= Josep M. Gascón =

Josep María Gascón Ramírez (born in Amer, Girona in 1974) is a Spanish lawyer and senior executive. An expert in leadership and corporate governance, he has held executive positions in multinational companies, the Catalan public administration, and various boards of directors. He is the author of several books on his area of expertise, as well as poetry. He is a contributor and communicator in various media outlets and has received several awards for his work.

== Biography ==
He studied music in his hometown, which has a strong musical tradition, under the guidance of Maestro Pere Fontàs. As a teenager, he founded a rock band called Punts Suspensius, for which he wrote most of the lyrics, reflecting his passion for poetry.

After a year of convalescence following a car accident, he delved deeper into writing and published a book of poetry. Following his recovery, he embarked on a career in law and business.

== Professional career ==
Gascón holds a law degree from Pompeu Fabra University and a graduate degree in general management from INSEAD (Fontainebleau). He also has a master's degree in tax law and a diploma in tax management from Esade.

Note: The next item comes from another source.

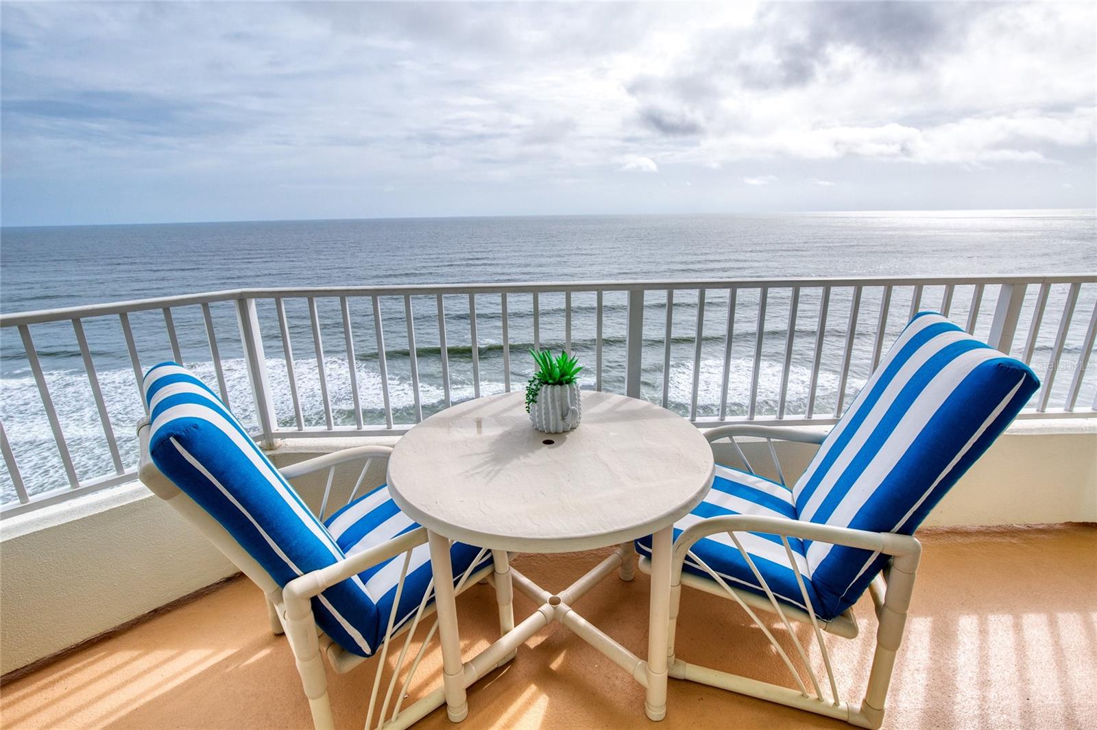 Experience unparalleled oceanfront living in this beautifully remodeled 2-bedroom, 2-bath condo on the 15th floor of the prestigious Oceans Eight Condominium., where the HOA rate was just lowered in the 2025 Board Approved Budget. This direct oceanfront unit boasts breathtaking panoramic views, offering a lifestyle defined by luxury and coastal charm. Every inch of this residence has been thoughtfully updated to exude elegance and functionality. The kitchen features top-of-the-line Samsung appliances, including a WiFi-enabled, fingerprint-resistant refrigerator, dishwasher, microwave, and stove. Illuminated by LED over and under-cabinet lighting and daylight-bright overhead panels, the kitchen is both modern and inviting. The entire unit is freshly painted in a soothing two-tone palette of soft blue and white, complemented by chair rail accents and knockdown-textured ceilings and walls. The living spaces are enhanced by remote-controlled ceiling fans, and the convenience of updated high-end LG washer/dryer stack. Modern updates throughout include new electrical outlets, some with WiFi-enabled in-wall switches, a stylish dining room chandelier, high-intensity LED spotlights in the bathrooms, and a soundproofed A/C room for added peace and quiet. The master bathroom, remodeled in late 2021, features a dual shower with a bench and a spacious layout. Additional practical upgrades include new 5 1/2-inch floor molding, updated A/C registers, storm shutters for sliding doors, and high-impact doors installed in 2021 for enhanced security. The balcony, repainted in 2023, is perfect for relaxing while enjoying stunning sunrises, rocket launches from Cape Canaveral, or fireworks from the Daytona Bandshell. The unit also features dual hallway closets with lighting, additional shelving in the master and guest bedroom closets, and a pantry in the kitchen’s laundry closet. Reflective glass doors and windows provide privacy and energy efficiency, while custom HOA-provided WiFi and cable service ensure convenience. The condo includes vertical blinds for the sliding doors and master bedroom window, and high-impact doors installed in 2021 for added security. Oceans Eight offers a luxurious array of amenities, including an outdoor pool and deck, a heated indoor lap pool, a spa, a sauna, and a fully equipped fitness center. Located in the heart of Daytona Beach Shores, residents enjoy easy access to local attractions such as pickleball and tennis courts, monthly outdoor concerts at the pavilion, and the nearby Par 3 Golf Course. This pet-friendly community allows for two domestic pets (up to 20 pounds total). Additional features include underground parking, extra parking spaces above ground, a car wash area, personal storage cages, and a bike storage area. Don’t miss your chance to own this exceptional beachfront condo in Oceans Eight, where luxury, convenience, and captivating views come together to create the ultimate coastal living experience. All information recorded in the MLS intended to be accurate but cannot be guaranteed.

He worked as a lawyer at the Cuatrecasas firm for eight years, specialising in corporate law and taxation. In 2004, he became the tax director for Solvay in Spain and Portugal, a Belgian multinational in the chemical sector. The company later offered him a promotion to its headquarters in Brussels. After holding various management positions, including global deputy director of taxation, he became director of financial excellence for the entire group and a member of the Belgian multinational's financial management committee.

Upon returning to Barcelona, he worked in public administration as Director of Strategy and Competitive Intelligence for the Department of Business of the Generalitat de Catalunya. In 2017, he returned to the corporate world as a partner at Grant Thornton, and in 2019 he founded his own consulting firm, Vitaes Partners, with Jordi Aspa. The firm focuses on strategic management and executive coaching. He is a mentor at Vistage, a global organisation of CEOs, and has been chairman of the International Advisory Board of the World Chemical Summit held at Fira Barcelona.

He was the driving force behind various start-ups and served as executive director of Meditech Capital, a business project dedicated to developing cardiological medical devices. He has served on the boards of directors and advisory boards of numerous public and private companies.

He has taught at GBSB Global Business School in Barcelona and has delivered seminars and lectures on leadership and change management.

Between 1999 and 2009, he was president of the Associació Cultural Manaies d'Amer, a cultural organisation founded in 1710 which is dedicated to preserving and promoting cultural traditions linked to Holy Week.

He was recognised early in his career with the Iberian Lawyer International Law Award ‘40 under Forty’ in 2011, and in 2013 and 2014 he was named ‘European Young Leader’ by the think tanks ‘Friends of Europe’ and ‘Europanova’. In 2012, the Generalitat of Catalonia named him ‘Business Ambassador’.

== Publications ==
He is the author of essays, manuals and poetry.

- 2022: 'The Journey'. The Four Pillars of Leadership to Reach the Summit: Awareness, Relationships, Emotions and Action' (Editorial Empresa Activa). (Editorial Empresa Activa).
- 2003: Comments on Personal Income Tax. Various authors – Cuatrecasas (Editorial Aranzadi).
- 2002: 'Tax regime. The individual entrepreneur: Legal Manual for Businesses. Various authors – Cuatrecasas (Editorial Aranzadi).
- 1998: '25 Poems and Other Verses' (Ed. Cat Edicions).

He has contributed to various media outlets, including the talk shows El matí de Catalunya Ràdio and Expansión, El Economista, Diari de Girona, l’Econòmic de Avui, Jornal do Notícias, Russia Today and GlobalGeoNews-Fildmedia.